§ PROBLEM DESCRIPTION: Repeat only the lines below that run from the line with "Пропущенные буквы Выполняя" to the line with "Polish Foreign Minister", ends included; skip every picture.

§ SUPPLIED DATA:
=== Section Start ===

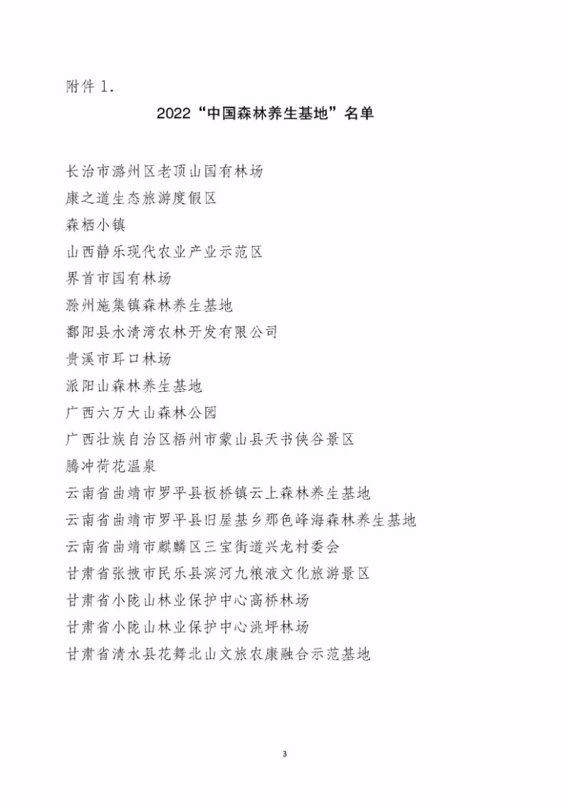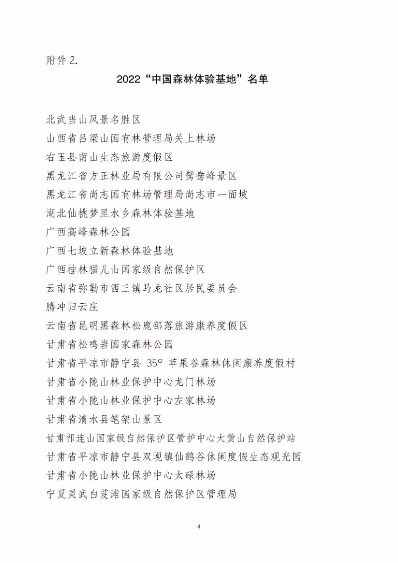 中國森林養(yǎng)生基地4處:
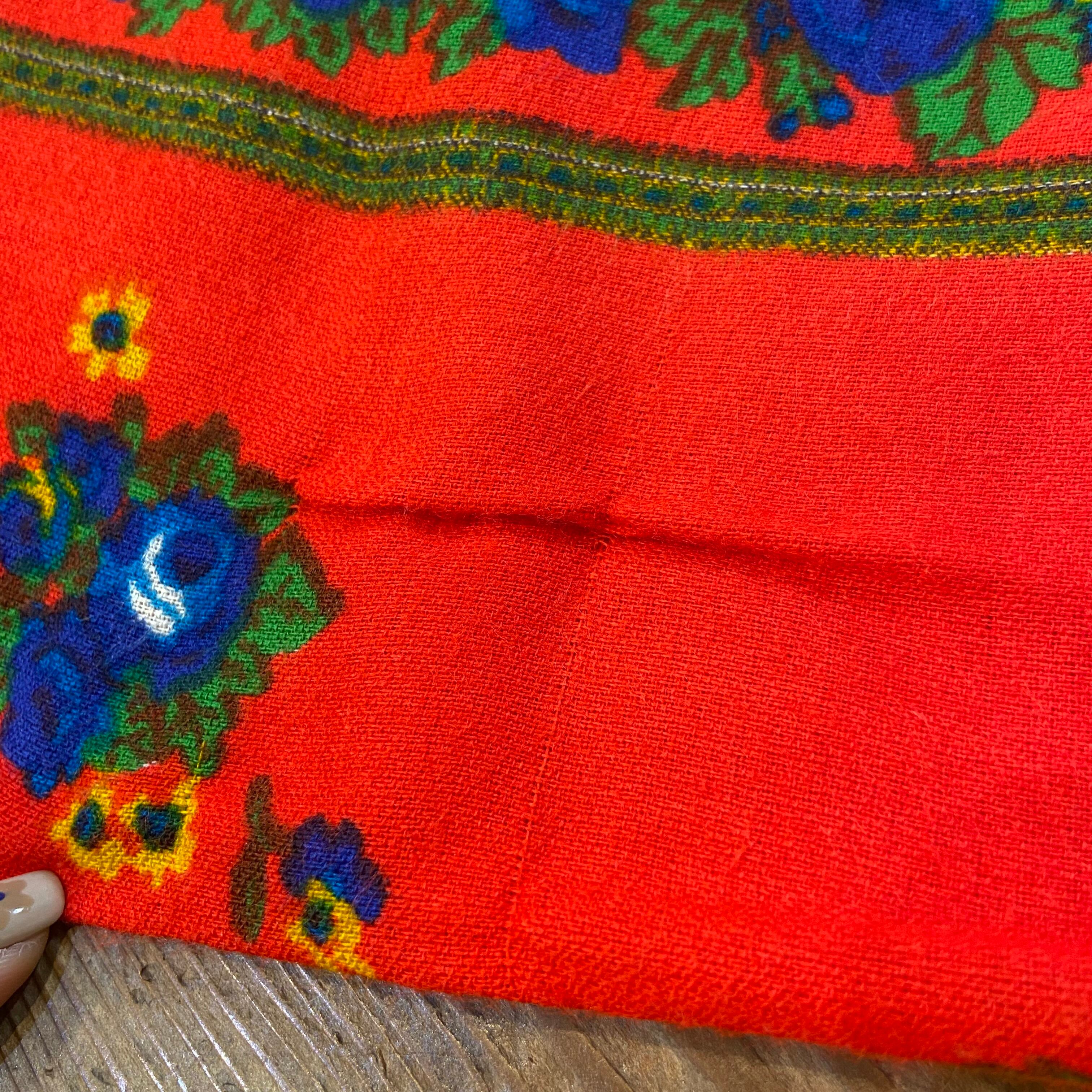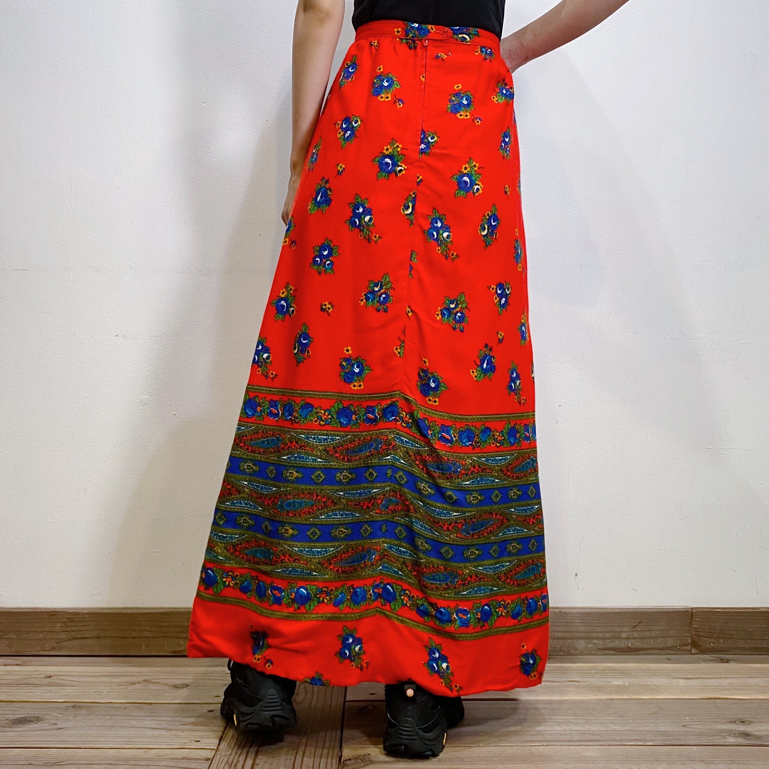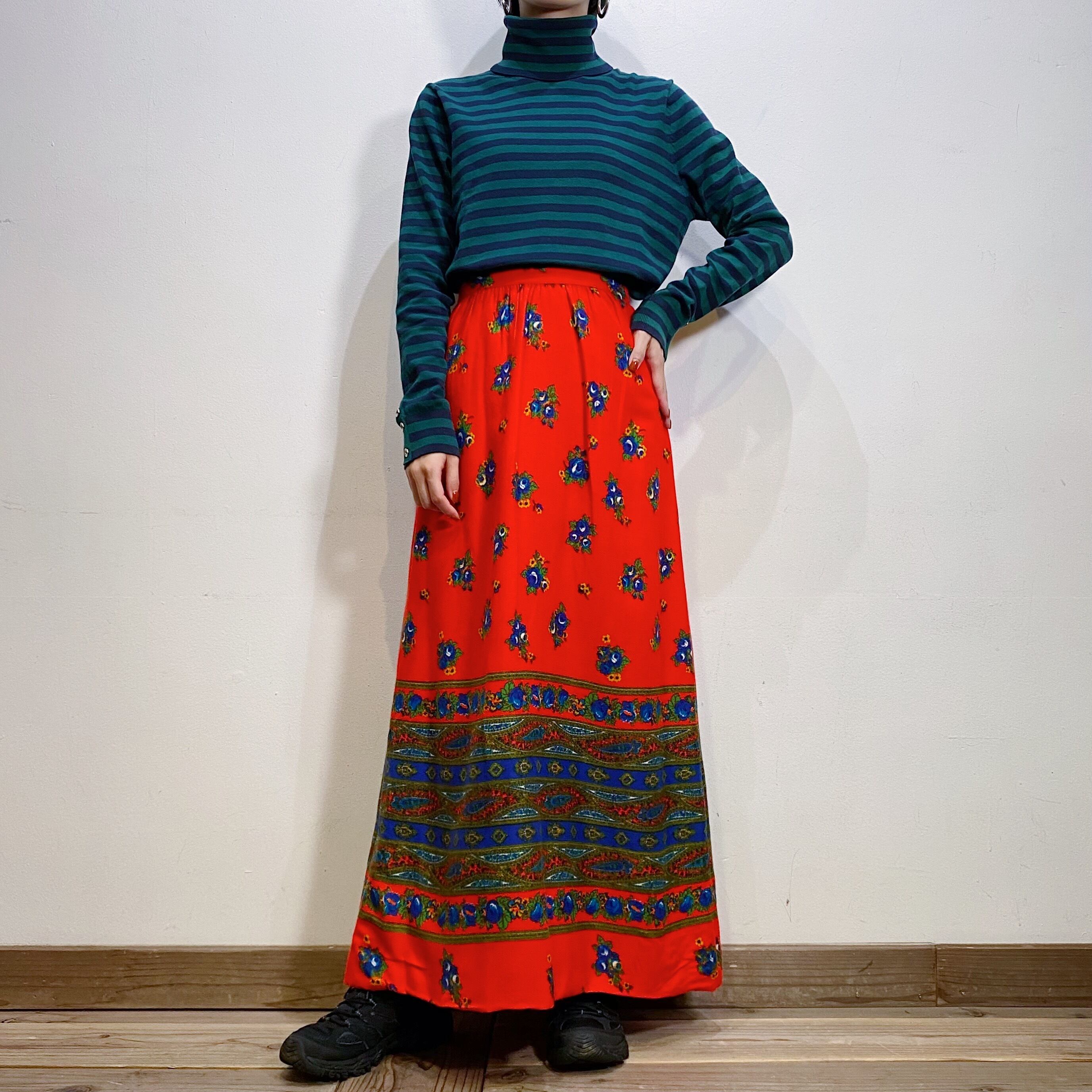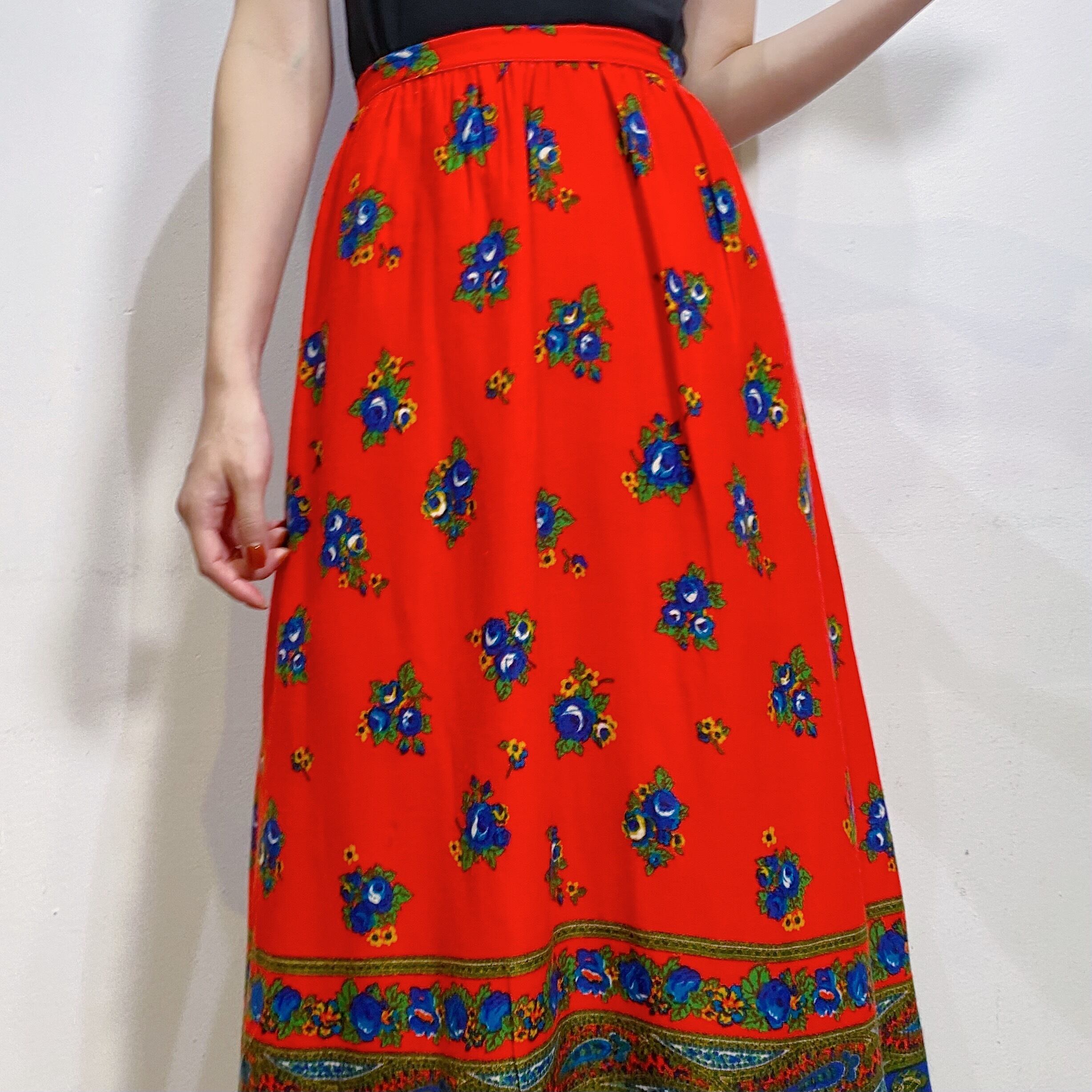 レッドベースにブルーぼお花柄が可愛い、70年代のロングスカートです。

=== Section End ===
=== Section Start ===

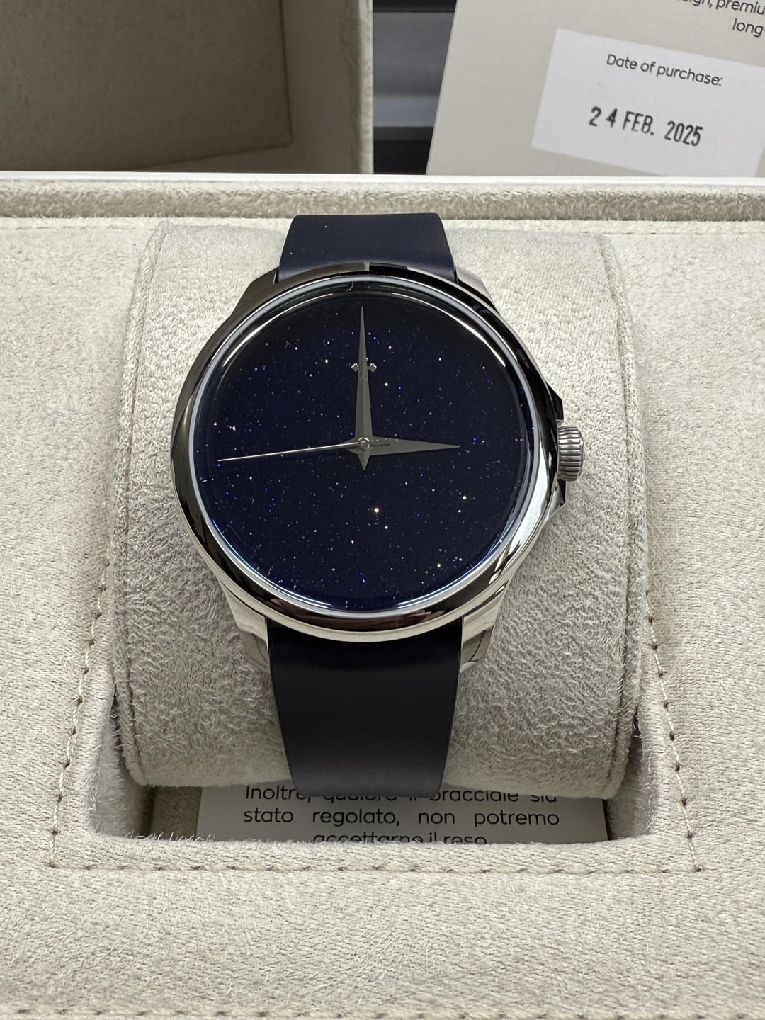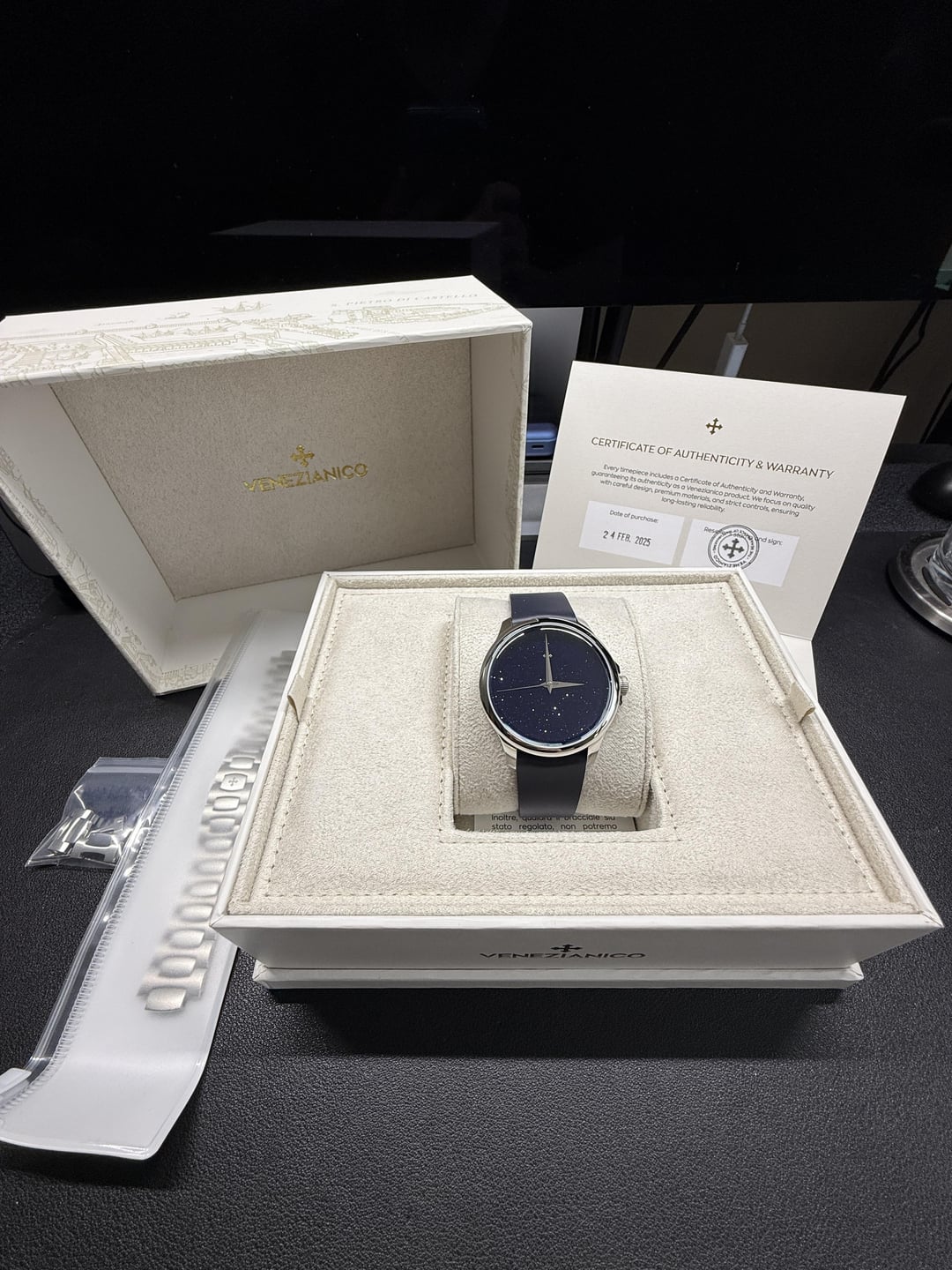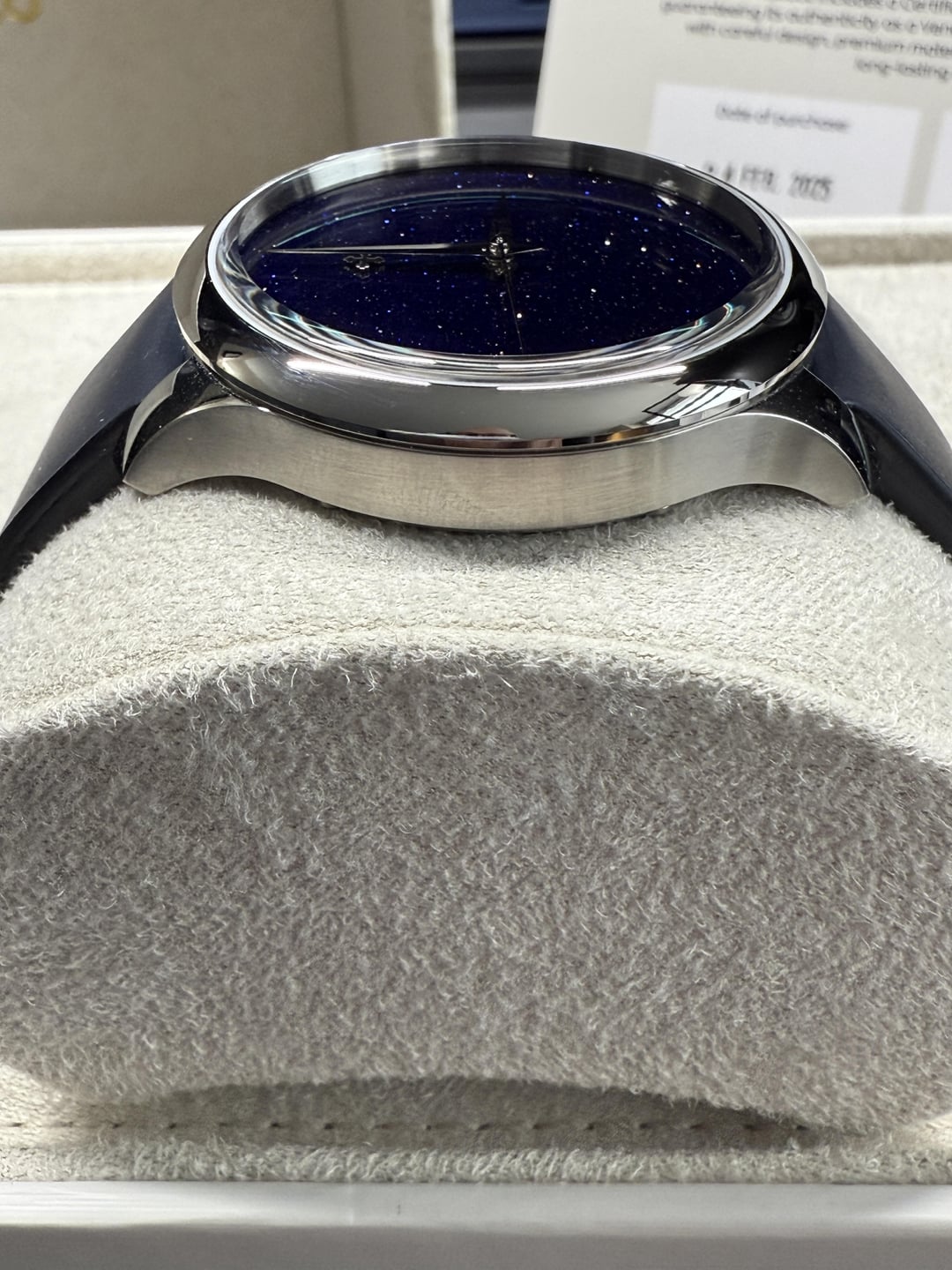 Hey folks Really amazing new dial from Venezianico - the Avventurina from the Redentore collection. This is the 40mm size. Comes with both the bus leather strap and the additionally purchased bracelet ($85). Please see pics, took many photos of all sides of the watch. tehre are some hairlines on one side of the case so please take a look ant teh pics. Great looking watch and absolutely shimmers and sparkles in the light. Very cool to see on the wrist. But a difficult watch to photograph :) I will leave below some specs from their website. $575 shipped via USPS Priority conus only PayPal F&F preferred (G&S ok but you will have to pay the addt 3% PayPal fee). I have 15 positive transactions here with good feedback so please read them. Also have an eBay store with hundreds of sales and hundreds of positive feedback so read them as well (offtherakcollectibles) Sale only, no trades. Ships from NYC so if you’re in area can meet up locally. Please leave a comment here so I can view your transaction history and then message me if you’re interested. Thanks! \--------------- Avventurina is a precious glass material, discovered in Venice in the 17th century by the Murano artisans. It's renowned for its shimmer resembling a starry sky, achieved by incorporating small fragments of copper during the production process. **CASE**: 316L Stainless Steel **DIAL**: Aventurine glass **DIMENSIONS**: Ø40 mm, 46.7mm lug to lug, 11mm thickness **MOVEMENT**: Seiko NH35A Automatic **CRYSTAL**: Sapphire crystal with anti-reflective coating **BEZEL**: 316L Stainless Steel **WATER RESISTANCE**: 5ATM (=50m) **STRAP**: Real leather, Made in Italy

=== Section End ===
=== Section Start ===

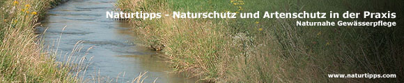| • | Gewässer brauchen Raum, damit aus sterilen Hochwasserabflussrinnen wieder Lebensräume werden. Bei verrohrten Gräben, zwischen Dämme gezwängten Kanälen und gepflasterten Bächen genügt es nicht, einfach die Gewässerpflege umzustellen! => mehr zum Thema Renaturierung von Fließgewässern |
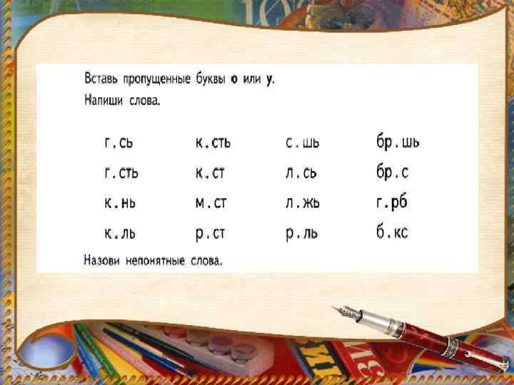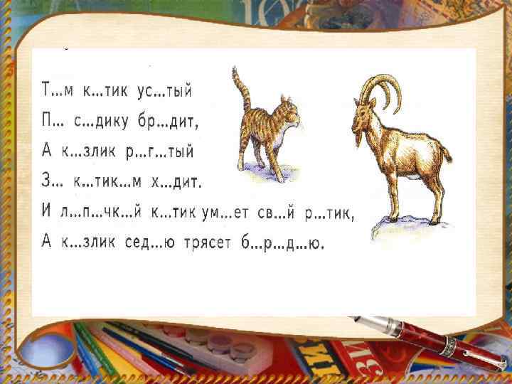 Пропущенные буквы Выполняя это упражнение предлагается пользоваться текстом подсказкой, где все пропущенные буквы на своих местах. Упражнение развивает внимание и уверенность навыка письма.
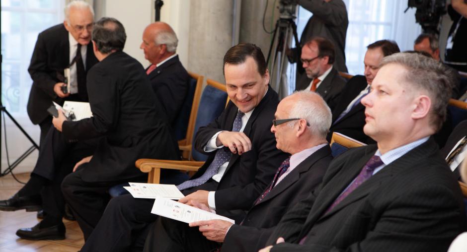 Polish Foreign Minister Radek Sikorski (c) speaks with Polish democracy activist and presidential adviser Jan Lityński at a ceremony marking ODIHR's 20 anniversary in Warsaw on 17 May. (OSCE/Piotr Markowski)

=== Section End ===

§ ANSWER:
 Пропущенные буквы Выполняя это упражнение предлагается пользоваться текстом подсказкой, где все пропущенные буквы на своих местах. Упражнение развивает внимание и уверенность навыка письма.
 Polish Foreign Minister Radek Sikorski (c) speaks with Polish democracy activist and presidential adviser Jan Lityński at a ceremony marking ODIHR's 20 anniversary in Warsaw on 17 May. (OSCE/Piotr Markowski)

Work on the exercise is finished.